The same EU that is advancing new laws governing the digital economy is simultaneously promoting a digital trade policy that contradicts, and would severely constrain, public interest policymaking in the EU and beyond according to new research launched today.

“EU Digital Trade Rules: Undermining attempts to Rein in Big Tech” is commissioned by The Left in the European Parliament and authored by independent researcher Deborah James, Director of International Programs at the Center for Economic and Policy Research. 

This study shows how Big Tech corporations are working to constrain the ability of the EU’s democratic bodies to regulate their activities in the public interest through “trade” agreements, which are binding and permanent. This research analyses the most dangerous clauses included in the EU digital trade agenda, such as “free” flow of data, bans on data localisation and non-disclosure of source code. It identifies ten reasons why it will be harmful for European society, Europe’s Green Agenda and democracy at large.

Key data:

  • Big Tech pays the least taxes and is the least regulated. Digital trade rules will undercut the EU’s ability to tax tech giants
  • EU digital trade policies put handcuffs on governments’ capacity to regulate Big Tech
  • EU’s digital trade rules will threaten EU’s regulations of artificial intelligence and data usage 
  • EU digital trade will widen the power of Big Tech over platform workers 
  • Digital trade policy will hamper the EU’s digital industrialisation and SMEs

Helmut Scholz, MEP (Die Linke, Germany) comments on the study: “Is the EU Commission really serious about controlling BigTech in the interests of citizens? Does the Commission deliver on the urgent need to establish accountability for artificial intelligence? At a moment when we are seeing the need for artificial intelligence accountability, the EU’s digital trade proposal agenda could limit government actions to hold tech giants accountable”.  
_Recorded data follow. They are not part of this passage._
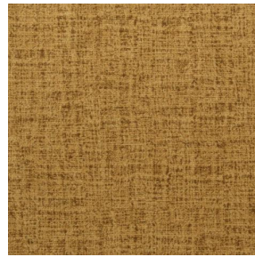
MURA SAVANE 185
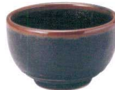
ケ275-14-2 夏目4.0井 (φ12×7.5cm) ¥1,200 2030258015
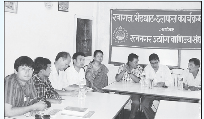
रत्ननगरमा भ्रमण टोली र स्थानीय उद्यमी व्यवसायीबीच अन्तरक्रिया हुँदै
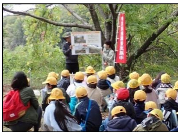
環境学習の実施状況
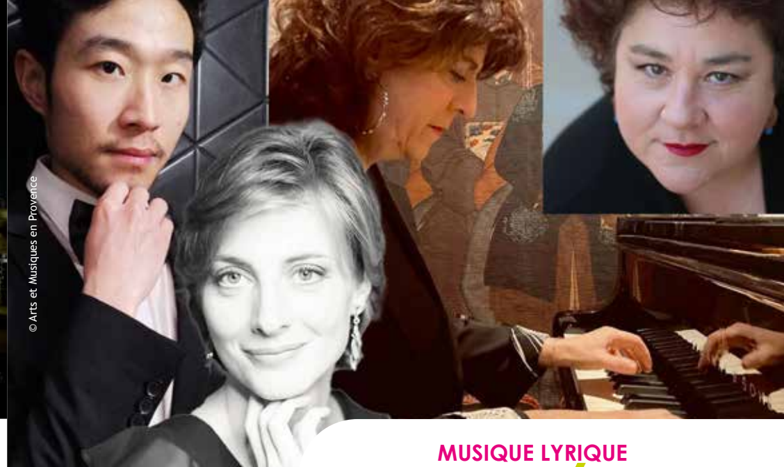
© Arts et Musiques en Provence
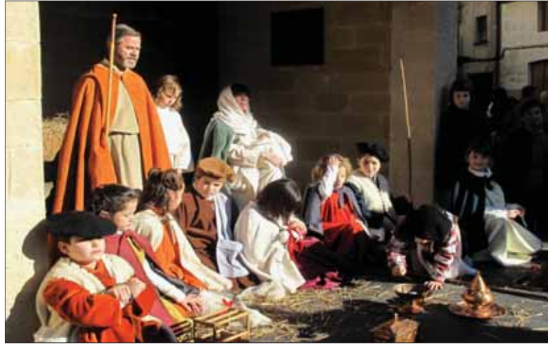
San José y María con el Niño posan con los pastorcillos al final de la representación.

Pero siempre ha merecido la pena porque el Misterio encierra en su forma y en el fondo el resumen que da sentido a todo lo que significa la Navidad cristiana, tan bien representada en las piezas artísticas de nuestra ciudad y que resumo en el cuadro siguiente.
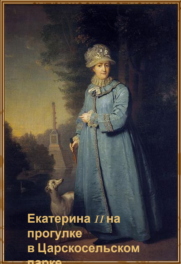
Екатерина II на прогулке в Царскомельском парке

Emmanuel Maurel, MEP (La France Insoumise, France): “With its digital trade proposals, the European Commission is putting once again corporate profits over consumers’ protection.  EU digital trade policy will shield US and Chinese tech giants from necessary regulation in Europe and worldwide. EU trade agreements will derail the advances we have made with the Digital Services Act, the Digital Markets Data Act and the Artificial Intelligence Act.”